Wednesday 6 January 2016

A Jolly Knitted Outfit for Skating

2016 already.  Here's a suitably wintry outfit - though not for this winter, so far.  It was the wettest December on record and there have been floods all across the north of England and in Scotland.  We haven't been much affected here, but just over the hill in Calderdale, there has been serious flooding all along the valley, with homes and businesses devastated in Todmorden, Hebden Bridge, Mytholmroyd, Sowerby Bridge, Elland, Brighouse, Mirfield...   And it's still raining.

Back in 1936, they were expecting a winter cold enough for skating.  The illustration is from Home Notes, a weekly magazine.  The captions reads: "If you're a skating "fan", you'll love this jolly knitted outfit to wear when you go on the ice."  The jumper, skirt, gloves and beret are all in 4-ply (fingering) wool - a lot of work, especially for the skirt, which is below knee length and fuller than ordinary day-wear skirts were then.  

Elsewhere in the magazine there is an article encouraging readers to "Try skating this winter" - either at an indoor rink or on open ice.  I doubt if there's much skating in open ice in this country now, if any, and I don't know how many permanent ice-skating rinks there are - but I'm pretty confident that no-one knits themselves a special outfit for skating these days.
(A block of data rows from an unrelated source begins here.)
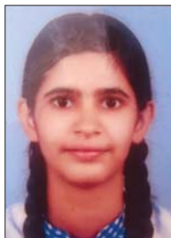
ഫേബാ സാം വയല ക്ലാസ് - 11, II nd (മാർക്ക് - 41)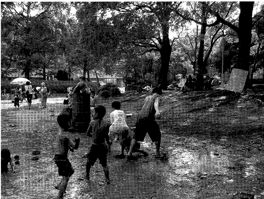
港南中央公園プレイパーク事業の様子

め調査研究や検証活動が不可欠であると考える。アリスセンターでは、本調査結果を活かしつつ、引き続き、協働事業の成果検証のあり方について検討を重ね、市民社会の基盤整備に寄与しうる協働事業の「効果測定基準」について、提案を行なっていきたい。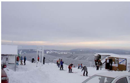
Lyžaři na Božím Daru si budou užívat zmodernizovaných běžeckých tras.

Celkem 334 tisíc korun vydá kraj ze svého rozpočtu obcím a Sdružení centrální Krušnohoří v rámci podpory budování a údržby lyžařských běžeckých tras.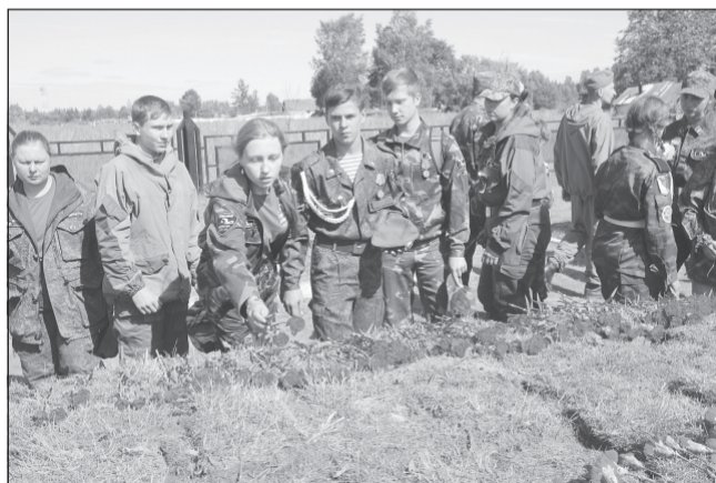
Сохраним память о погибших в годы войны.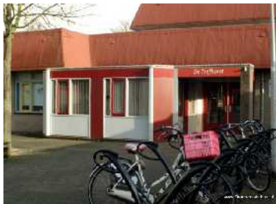
Wijkcentrum de Trefhorst: 24.000 drempeloverschrijdingen per jaar

Schothorst is goed bedeed met voorzieningen. Aan de rand van de wijk ligt NS station Schothorst, dat een snelle verbinding met ondermeer de Randstad garandeert. Winkelcentrum Schothorst kent twee supermarkten en levert een ruim basispakket aan middenstandsdiensten voor de wijkbewoners, waaronder Blokker, Zeeman, kapper, groenteman, kaasboer, slijter, café en opticiens. Pal achter het winkelcentrum ligt wijkcentrum de Trefhorst, dat zo'n 24.000 bezoekers per jaar trekt in termen van dagelijkse drempeloverschrijdingen.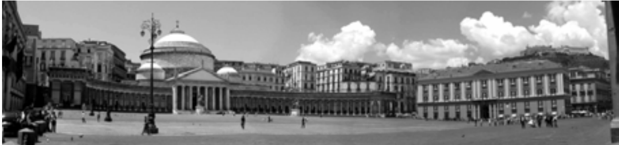
Neapel - Piazza del Plebiscito

Exkursionsleitung: Annette Brünger-Miletto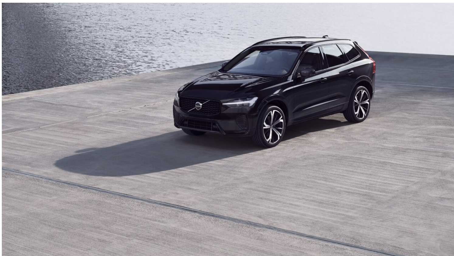
XC60 Dark Plus Wygląd zewnętrzny

Link do wersji: s.volvocars.com/MjGoHfZMtaCkwBtT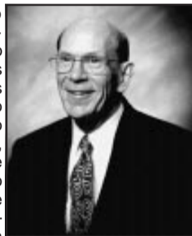
Dr. Jerry Bridges

O Seminário Batista Regular de São Paulo e a Ordem dos Pastores Batistas Regulares de São Paulo, com apoio da ABEM, OANSE, ABC, Jornal de Apoio e Associação Batista Regular de São Paulo, promovem nos dias 19 a 22 de junho a Conferência Anual para Líderes e Pastores sob o tema: "O Pastor e sua intimidade com Deus".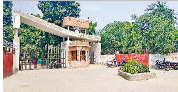
जींद। राजकीय महाविद्यालय।

जिला के चार राजकीय महाविद्यालयों को उच्चतर शिक्षा निदेशालय ने पांच नए कोर्स उपलब्ध करवाए हैं तथा बीसीए, बीए संकाय में करीब 220 सीटें बढ़ाई गई हैं। इससे विद्यार्थियों को काफी राहत मिली है। जींद के राजकीय कालेज में बीबीए का नया कोर्स शुरू हुआ। इसमें 40 सीटें स्वीकृत की हैं। राजकीय महिला कालेज में बीएएससी फिजिक्स का नया कोर्स इस बार शुरू हुआ है। जिसमें 30 सीटें स्वीकृत की गई हैं। वहीं नरवाना के राजकीय कालेज में बीए पॉलिटिकल साइंस का नया कोर्स शुरू किया गया है और इसमें 40 सीटें स्वीकृत हुई हैं। हालांकि पोस्ट ग्रेजुएशन का एकमात्र भी 40 सीटें बढ़ाई गई हैं। हायर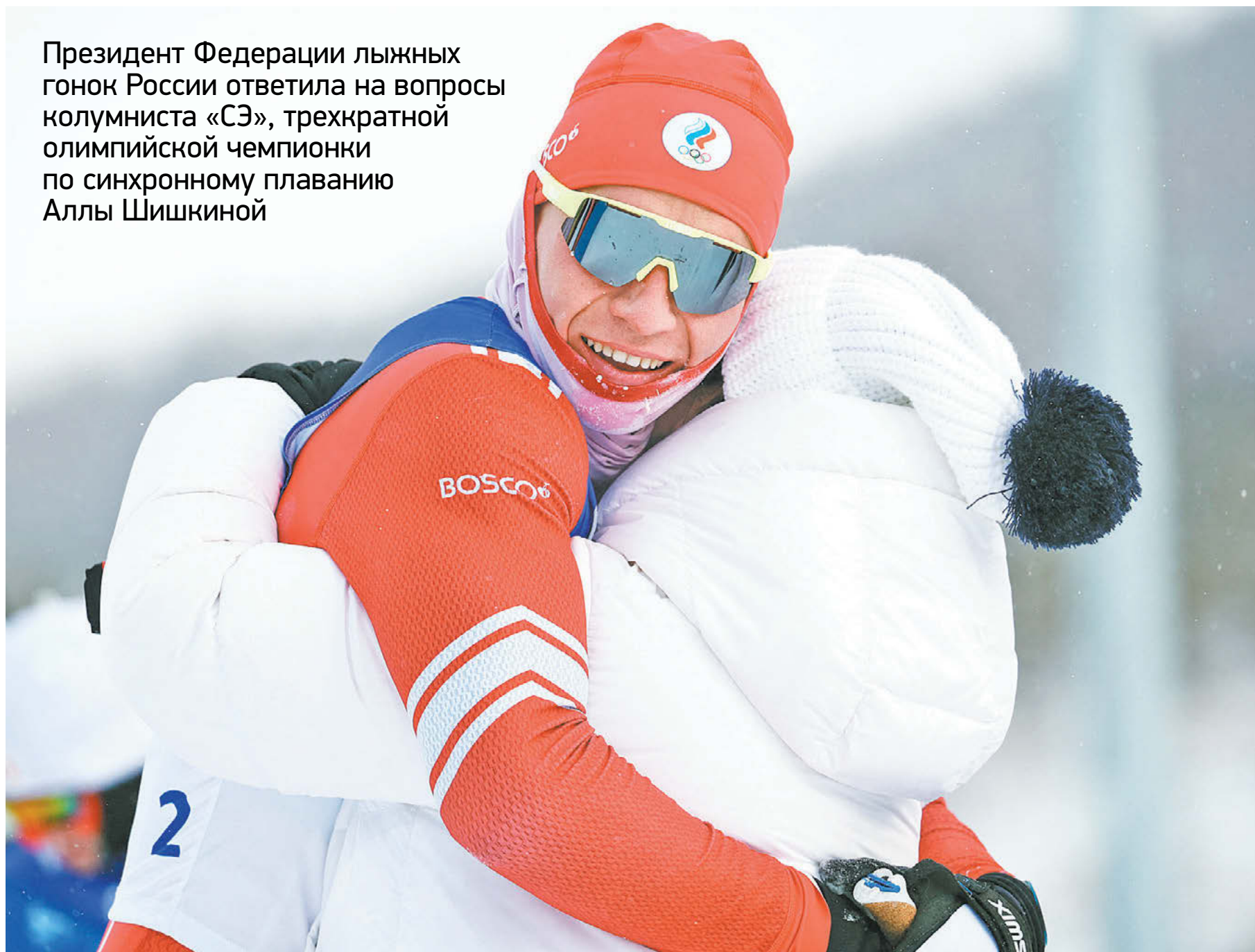
19 февраля 2022 года. Чжанцзякоу. Елена Вяльбе и Александр Большунов после масс-старта, на котором Большунов взял свое третье золото на этой Олимпиаде

Президент Федерации лыжных гонок России ответила на вопросы колумниста «СЭ», трехкратной олимпийской чемпионки по синхронному плаванию Аллы Шишкиной

But I think in the 1930s, there wasn't so much overlap between sports wear and everyday wear as there is now - women then dressed much more smartly as a rule.  You couldn't just find some casual clothes in your wardrobe to go skating in - ordinary skirts would be far too narrow, for one thing.  The cover of the magazine shows what the skater might wear for every day - the magazine gives the knitting pattern for the puffed-sleeve jumper:

I have seen other 1930s knitting patterns for skating outfits too.  The first is in the same colour scheme of brown, red and white as the Home Notes outfit, if you choose the colours suggested in the pattern:

The other was published a few years later, and the skirt is much shorter.  The pattern gives instructions for jumper, skirt, knickers, hat, gloves and socks.

It looks much plainer at first sight than the other two, but in fact the hat brim, the sock tops and the gauntlets of the gloves are all in garter stitch stripes, of Mermaid (turquoise?), Rusty (rust-red, I assume), and Mustard, with the rest of the socks, hat and gloves, and I guess also the jumper and skirt, knitted in the Mermaid colour.  So it would have been a colourful outfit. - the illustration doesn't do it justice.
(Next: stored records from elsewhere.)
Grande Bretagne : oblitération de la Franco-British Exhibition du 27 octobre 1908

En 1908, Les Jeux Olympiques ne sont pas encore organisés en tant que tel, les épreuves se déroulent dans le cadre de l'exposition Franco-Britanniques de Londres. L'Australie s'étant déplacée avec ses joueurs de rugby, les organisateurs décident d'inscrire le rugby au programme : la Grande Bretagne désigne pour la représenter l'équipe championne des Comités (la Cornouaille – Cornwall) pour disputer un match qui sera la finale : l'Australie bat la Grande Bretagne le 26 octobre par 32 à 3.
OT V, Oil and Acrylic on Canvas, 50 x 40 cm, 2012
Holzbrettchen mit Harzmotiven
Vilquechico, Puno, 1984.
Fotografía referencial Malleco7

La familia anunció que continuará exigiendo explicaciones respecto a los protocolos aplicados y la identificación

And one of my very favourite Jester patterns, from the late 1940s/early 1950s is a winter sports outfit of a sweater with matching mittens and hat, shown with a pair of ice-skates.
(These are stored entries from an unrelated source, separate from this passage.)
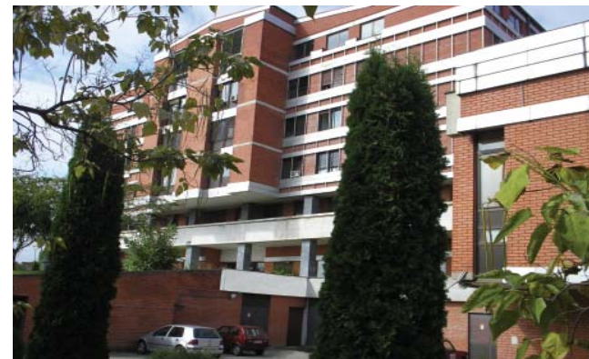
Bolnica Pirot - danas

Naša stalna orijentacija je podizanje kvaliteta i proširenje obima rada, uvođenje novih metoda i njihova komercijalizacija, usavršavanje i subspecializacija kadrova, nadgradnja imidža u svim oblastima, usaglašavanje sa globalnom strategijom zdravstvenog menadžmenta.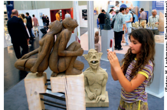
Skulpturen auf dem Stand des BIV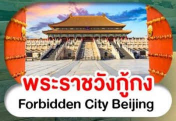
พระราชวังกู้กง Forbidden City Beijing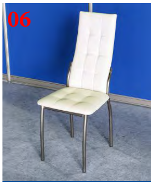
06 Стул кожаный белый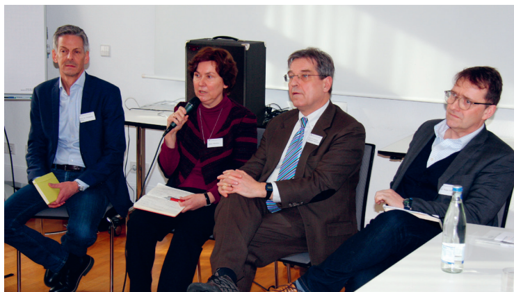
Studententag „Just Policing“ in Rastatt 2017

polizeiliche Zwangsmaßnahmen vor. Um die Chancen und Grenzen von „Just Policing“ genauer zu untersuchen, gab die Badische Landeskirche bei der Heidelberger Forschungsstätte FEST eine Studie in Auftrag, die im Jahre 2017 der Öffentlichkeit vorgestellt wurde: „Just Policing – eine Alternative zur militärischen Intervention?“ Die Autorin Ines-Jacqueline Werkner untersuchte am Beispiel des Afghanistankriegs die verschiedenen Interventionsmöglichkeiten und arbeitete besonders die Unterschiede zwischen polizeilicher und militärischer Gewalt heraus. Zudem unterstrich die Studie die Forderung, dem Bereich Konfliktprävention künftig eine deutlich größere Bedeutung zuzumessen. Denn am Beispiel des Afghanistankrieges zeige sich, dass weder militärische noch polizeiliche Gewalt in der Lage gewesen seien, den Konflikt zu befrieden. Die Ergebnisse der Studie flossen zu einem späteren Zeitpunkt in die Fachgruppe „Internationale Polizei“ ein. 14

So for anyone who wants to knit a skating outfit, there is quite a range to choose from.    Personally, I'd choose the Jester pattern, but forget about the skating.  



  1. These are wonderful outfits, though I can't imagine how long it would take to knit that first skirt. The Jester pattern is gorgeous.

    1. Yes, it is gorgeous. We have the original pattern in the Knitting & Crochet Guild collection, but Susan Crawford also updated the design in her "A Stitch in Time" book. (Vol 2, I think.)